ROLE: User Experience Designer / Researcher
TIMELINE: 2024 (Aug - Dec)
SKILLS: Speculative Design, Critical UX, Interaction Design, Qualitative Research, Visual Analysis
As part of Personal Health Informatics (INFO 3509) at CU Boulder, I completed a speculative design project examining gender bias in personal health informatics (PHI) applications. By analyzing popular men’s and women’s health apps, I identified how interface and interaction design reinforce gendered expectations in health tracking and exposed them by designing a new PHI app for each using the opposite design convention. This project reimagined PHI design through a critical lens. It challenges traditional UX conventions to promote inclusivity and awareness of implicit bias in digital wellness tools.
Research
I conducted a comparative content analysis of top-rated PHI apps on the Apple App Store, focusing on visual hierarchy, color use, and data framing. Through affinity mapping of recurring interface patterns, I found distinct gender coding in the presentation of health metrics—such as “strength” and “performance” emphasized in men’s apps versus “beauty” and “fertility” in women’s apps.

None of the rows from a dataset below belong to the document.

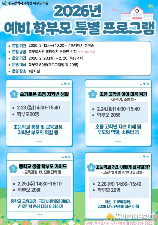 대구시교육청 북부도서관은 자녀의 입학과 진학을 앞둔 예비 학부모를 대상으로 오는 2월 23일부터 26일까지 4일간 ‘2026년 예비 학부모 특별프로그램’을 운영한다.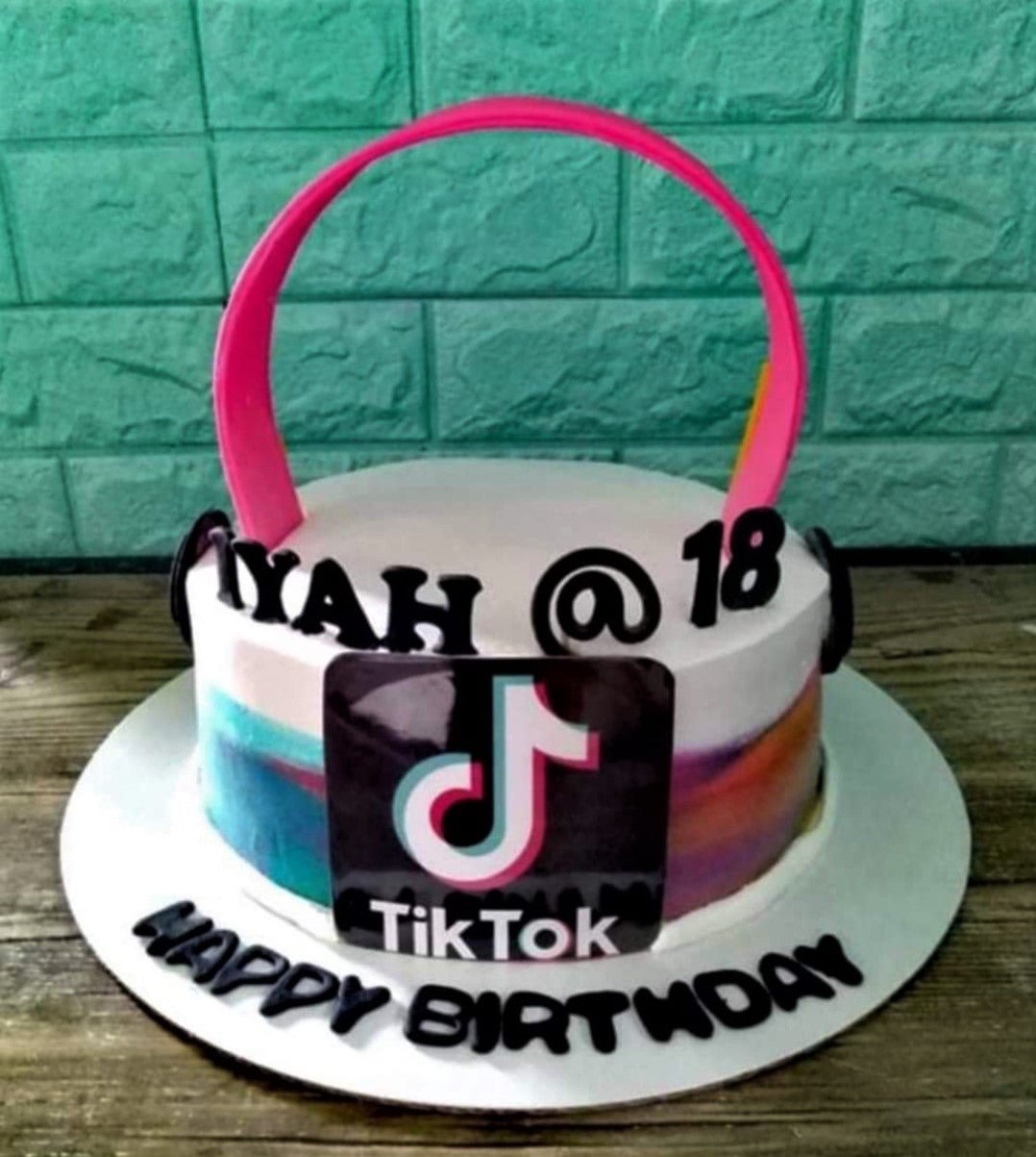 White 1-tier TikTok themed birthday cake with a pink headphone handle, TikTok logo printout, and black gumpaste letters.
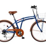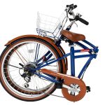 カジュアルなスタイリングの24インチ折畳自転車。手軽なサイズながら6段変速搭載で街乗りも快適。フロントキャリアには付属のバスケットを取り付けてご使用いただけます。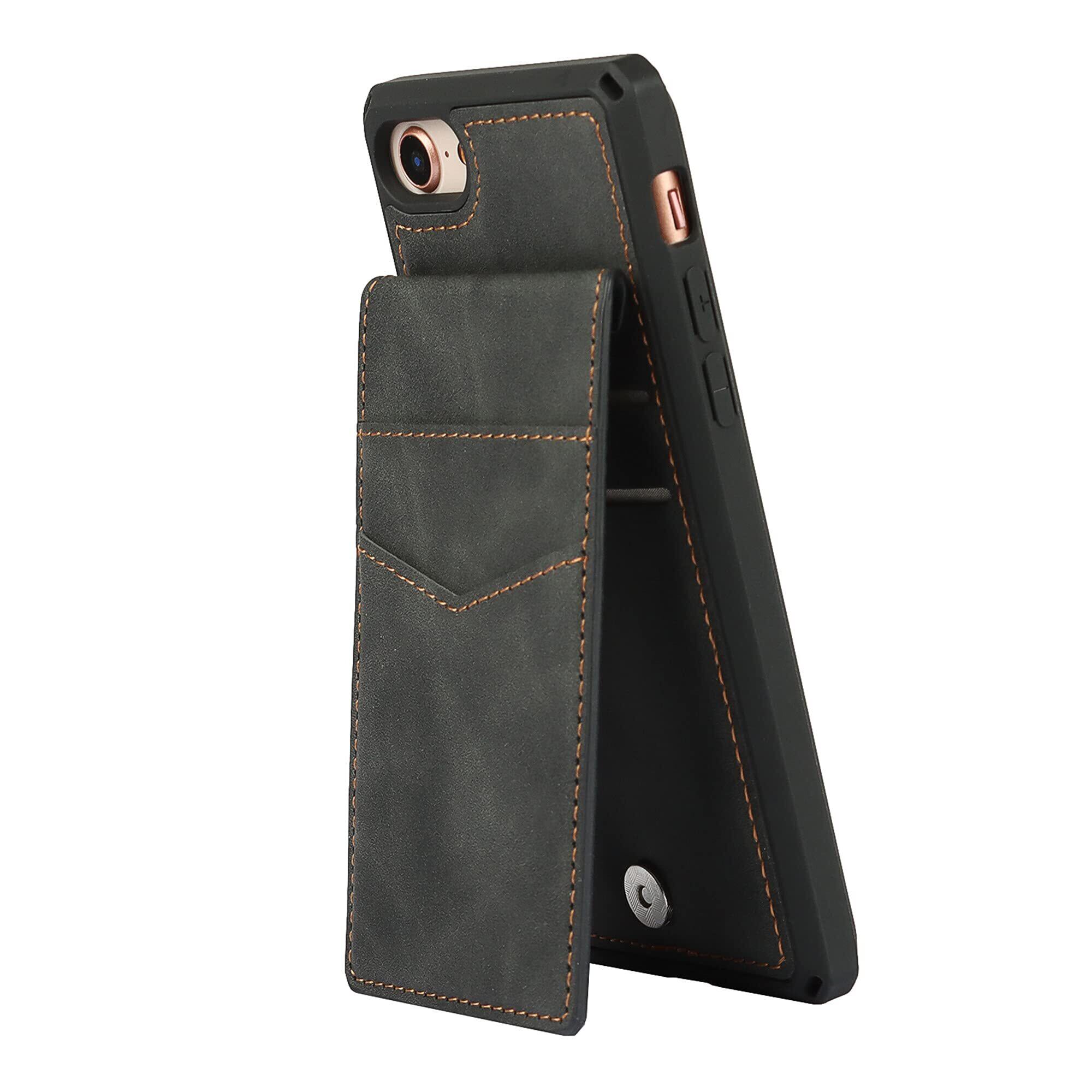 iPhone 7 / 8 / SE 第2世代 背面多機能スマホケース アイフォン7 アイフォン8 アイフォンse 第2世代 携帯保護カバー iphone 7 8 se2 2020 case Zouzt 革レザー ストラップ付き 軽量 ICカード収納 スタンド機能 磁気ボタン内蔵 耐衝撃 保護 4色 ブラック

How Might We… design PHI experiences that highlight the overly gendered design conventions in PHI technologies prominent in the current market?
Design
PROBLEM STATEMENT
PHI Application developers need to see how their design preferences differ between men and women’s health applications in order to reexamine their approaches and their effectiveness.
high Fidelity final mockups
Final Product
RESEARCH PAPER
This research paper, titled Gendered Design Conventions: A Waste of Designers, was written in CHI conference paper style. Gendered Design Conventions: A Waste of Designers describes my critiques of how men’s and women’s personal health informatics (PHI) apps reinforce gender stereotypes through visual and interaction design. By analyzing popular health apps and creating reverse mockups, I argue that effective PHI design should focus on inclusivity and data quality rather than gendered aesthetics.